Data section start

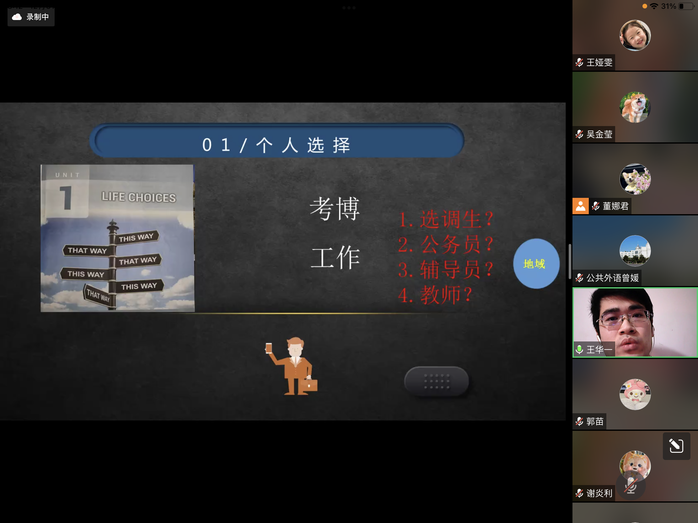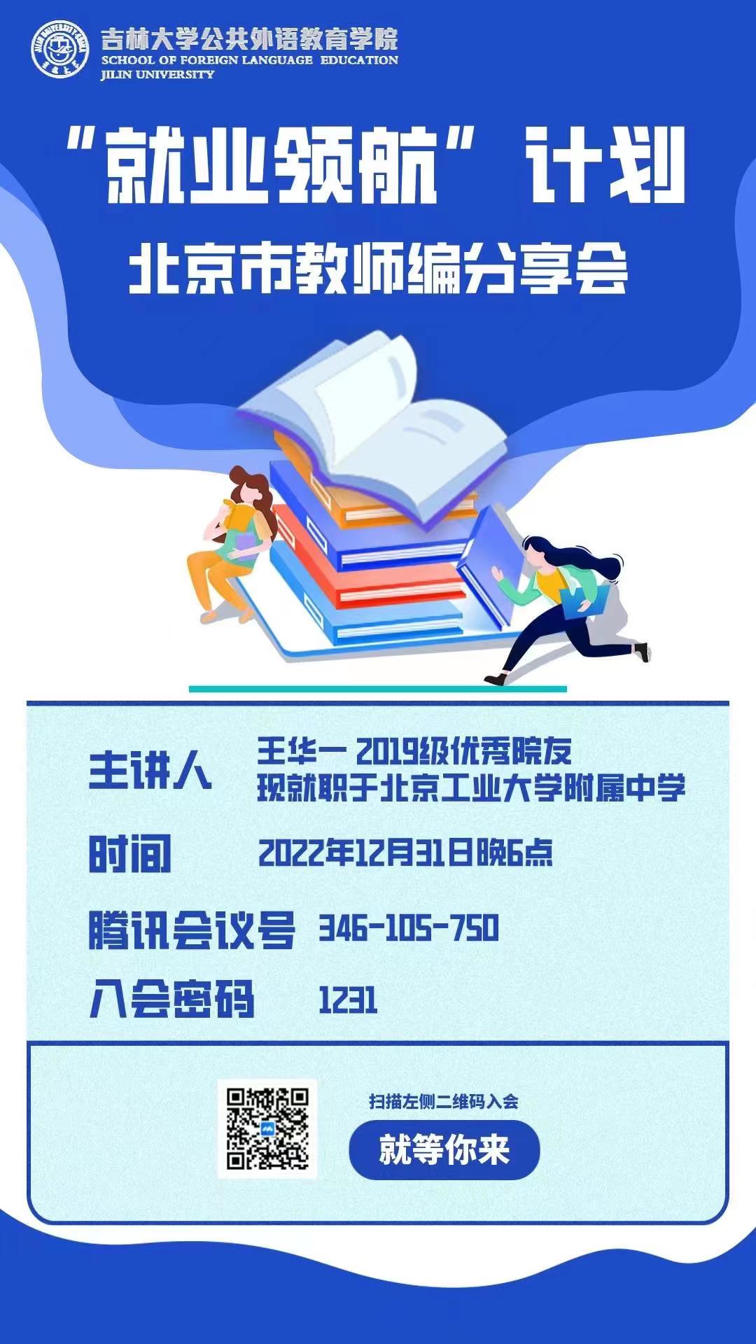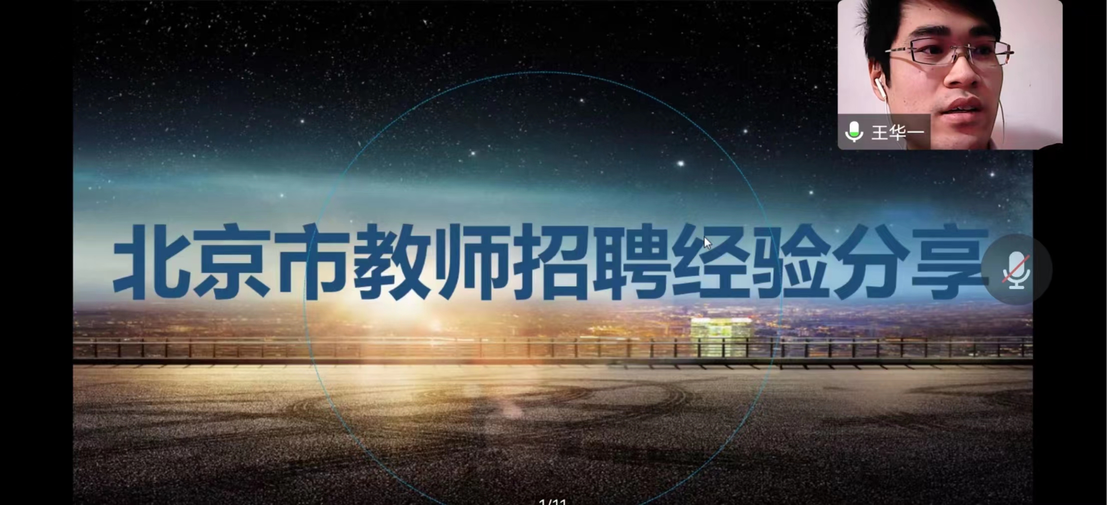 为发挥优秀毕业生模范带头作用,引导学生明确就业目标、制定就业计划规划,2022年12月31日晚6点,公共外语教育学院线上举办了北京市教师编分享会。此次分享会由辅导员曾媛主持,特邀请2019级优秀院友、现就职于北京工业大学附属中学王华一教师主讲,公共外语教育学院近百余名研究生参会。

Data section end
Data section start

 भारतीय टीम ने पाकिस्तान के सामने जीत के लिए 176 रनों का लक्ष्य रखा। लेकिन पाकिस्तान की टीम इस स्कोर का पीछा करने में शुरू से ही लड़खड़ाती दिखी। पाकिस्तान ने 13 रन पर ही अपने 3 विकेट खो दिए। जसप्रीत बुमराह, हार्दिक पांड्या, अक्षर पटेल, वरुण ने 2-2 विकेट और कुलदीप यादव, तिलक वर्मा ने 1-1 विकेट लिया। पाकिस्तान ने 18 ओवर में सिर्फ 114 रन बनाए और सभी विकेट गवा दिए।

Data section end
Data section start

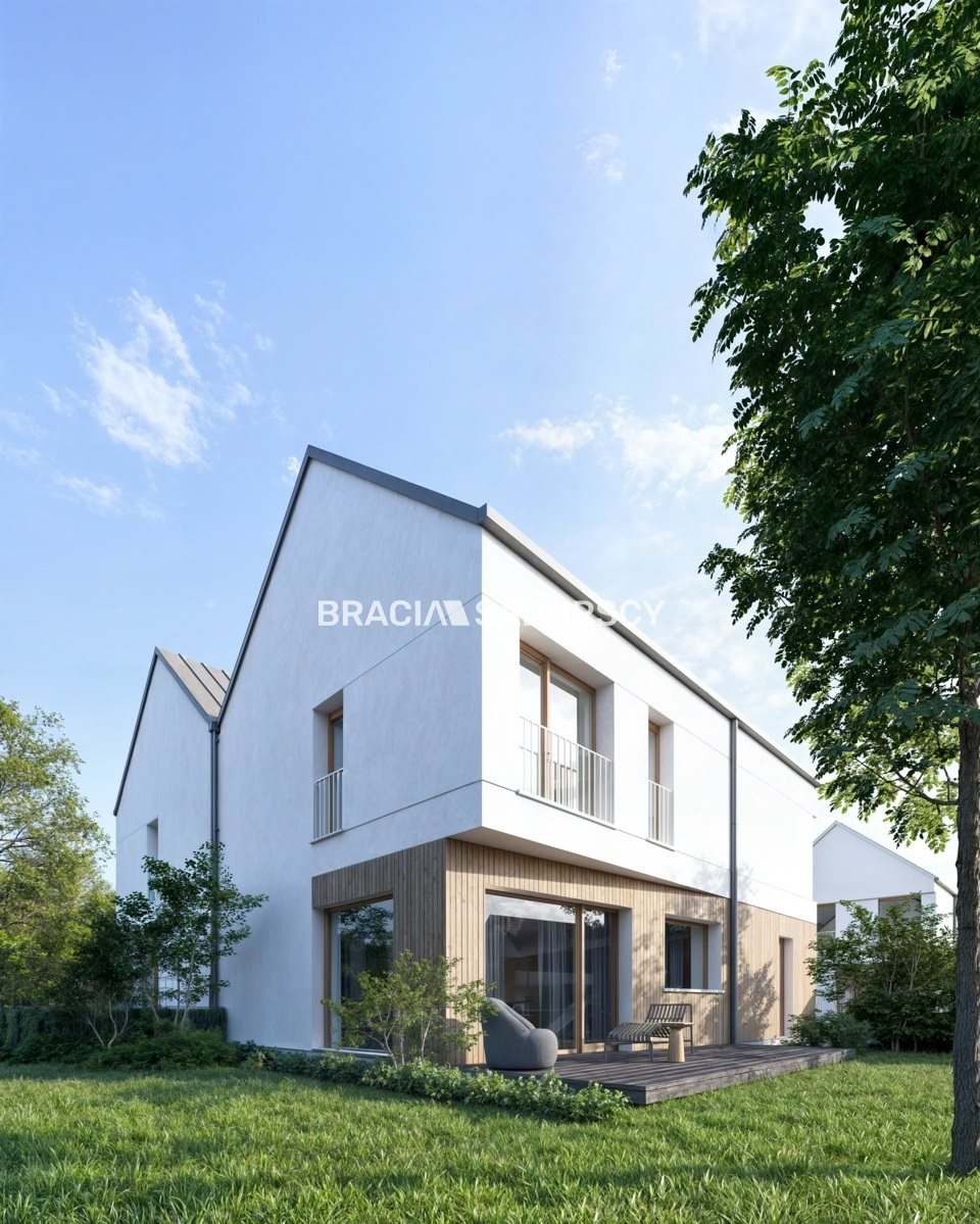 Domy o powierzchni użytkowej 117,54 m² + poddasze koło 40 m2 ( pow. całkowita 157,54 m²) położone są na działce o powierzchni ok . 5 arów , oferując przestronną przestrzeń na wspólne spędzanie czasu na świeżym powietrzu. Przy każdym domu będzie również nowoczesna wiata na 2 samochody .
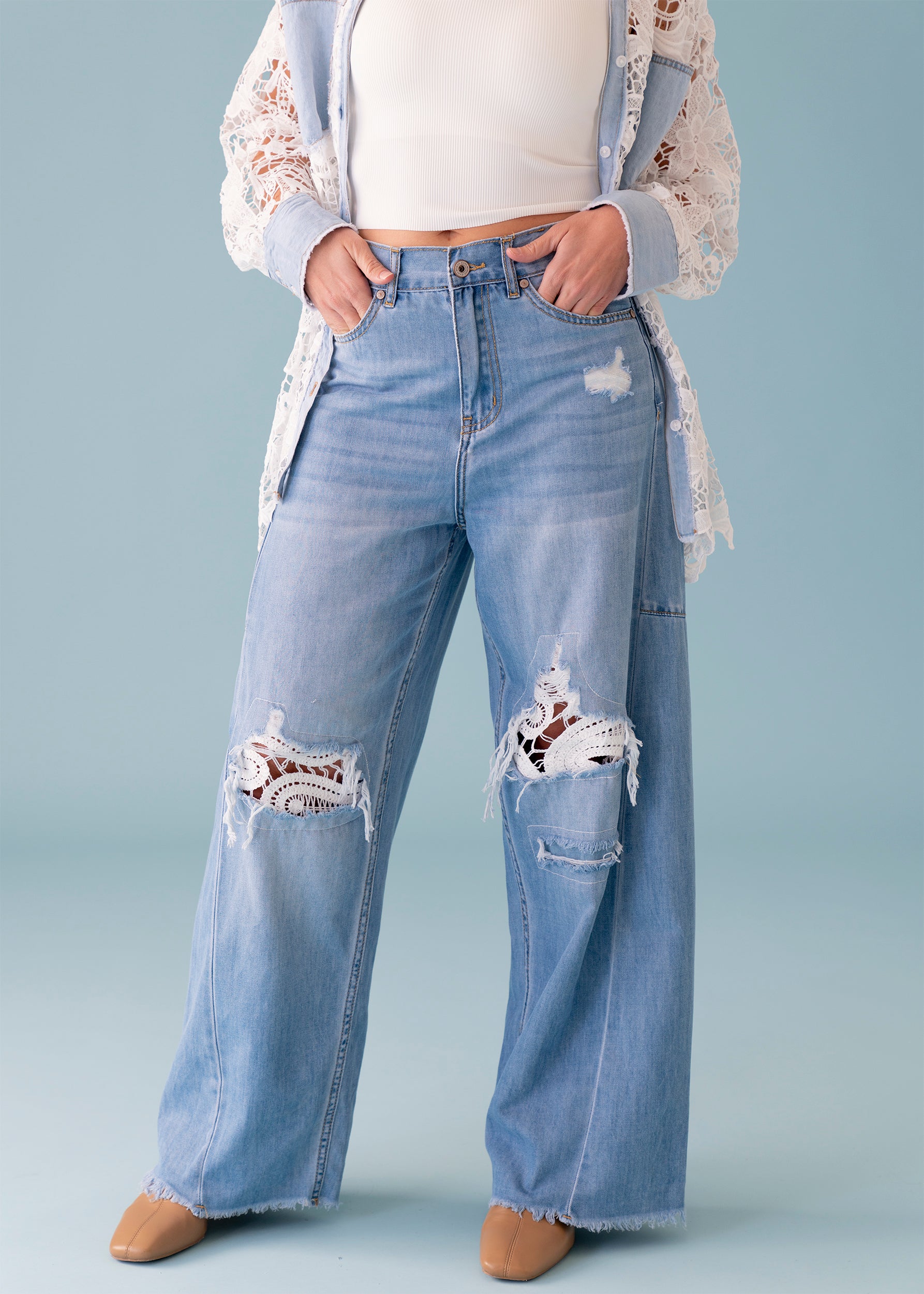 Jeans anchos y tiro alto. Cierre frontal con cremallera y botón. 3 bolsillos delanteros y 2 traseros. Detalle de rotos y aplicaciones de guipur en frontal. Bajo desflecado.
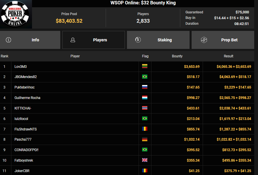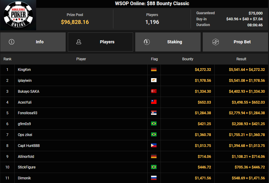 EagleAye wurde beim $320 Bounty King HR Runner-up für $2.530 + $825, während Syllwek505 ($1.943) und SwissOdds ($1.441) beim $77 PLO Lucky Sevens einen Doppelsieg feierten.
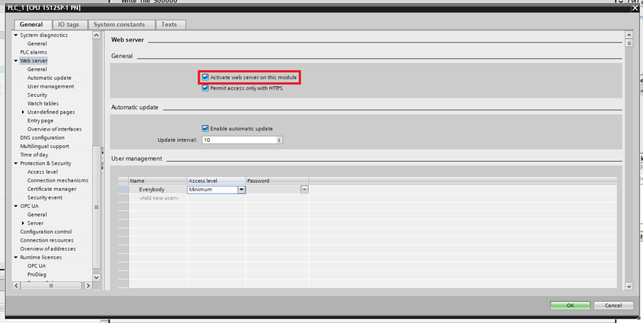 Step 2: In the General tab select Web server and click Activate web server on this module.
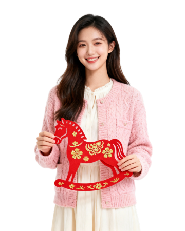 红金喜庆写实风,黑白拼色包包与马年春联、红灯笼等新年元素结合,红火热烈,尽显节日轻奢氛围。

Data section end

> _Problem statement_
Above are the records. Copy word for word only their lines from the one holding "Domy o powierzchni" through the one holding "红金喜庆写实风,黑白拼色包包", both included, and skip the images.

> _Response below_
 Domy o powierzchni użytkowej 117,54 m² + poddasze koło 40 m2 ( pow. całkowita 157,54 m²) położone są na działce o powierzchni ok . 5 arów , oferując przestronną przestrzeń na wspólne spędzanie czasu na świeżym powietrzu. Przy każdym domu będzie również nowoczesna wiata na 2 samochody .
 Jeans anchos y tiro alto. Cierre frontal con cremallera y botón. 3 bolsillos delanteros y 2 traseros. Detalle de rotos y aplicaciones de guipur en frontal. Bajo desflecado.
 EagleAye wurde beim $320 Bounty King HR Runner-up für $2.530 + $825, während Syllwek505 ($1.943) und SwissOdds ($1.441) beim $77 PLO Lucky Sevens einen Doppelsieg feierten.
 Step 2: In the General tab select Web server and click Activate web server on this module.
 红金喜庆写实风,黑白拼色包包与马年春联、红灯笼等新年元素结合,红火热烈,尽显节日轻奢氛围。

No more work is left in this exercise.